I feel sorry for the children listening to my new Christmas story
How to get stories from good to great
Each year, I feel a bit sorry for the first groups of children who get to hear my new Christmas story.
Why?
Because I know that the same story will be a much better experience when I tell it for the 10th time.
Isn’t it boring to tell the same story again and again?
Not at all!
It’s the same story, yes, but it also changes. Parts that don’t work are kicked out. Interesting parts that come up spontaneously end up staying.
I don’t work with a script, so this happens very naturally.
And…
Did you know that each story has an inner rhythm? Scenes where you need to speed up, scenes where you need to slow down.

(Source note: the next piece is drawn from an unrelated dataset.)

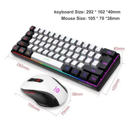 Snpurdiri 2.4G Беспроводной игровой клавиатура и мышь Комбо - Мини 60% механическая клавиатура с RGB-подсветкой и эргономичная вертикальная мышь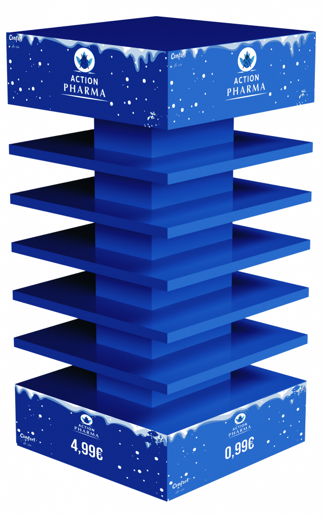 La gamme Action Pharma a été pensée avec des pharmaciens titulaires, à l’écoute des besoins des clients. Votre display saisonnier vous accompagnera et sera adapté à vos plus belles périodes de l’année! Deux rendez-vous par an avec des nouveautés permanentes et attrayantes.

As you tell a story many times, you learn to dance to this inner rhythm with your listeners!
But what if I do get bored telling it for the umpth time?
I play.
I weave details of the performance location into the story; I adapt to different audiences; I try out new rhymes, moves, locations, and atmospheres.
What works? What doesn’t?
Not boring at all!
Now, back to these first listeners…
Do I need to feel sorry for them?
No.
I always prepare stories well in my imagination and practice them with colleagues and friends before I tell them at a paid opportunity.
These first listeners get a good story.
It’s good, but not yet great.
And the only way it might become great is to tell it many times.
.
I feel sorry for the children listening to my new Christmas story
I totally agree with you. Even though the audience enjoys a story, until it truly becomes part of me through that nurturing process, I don’t feel it was the best. Yet every time I tell the same story it is different. I guess as we change our stories do too.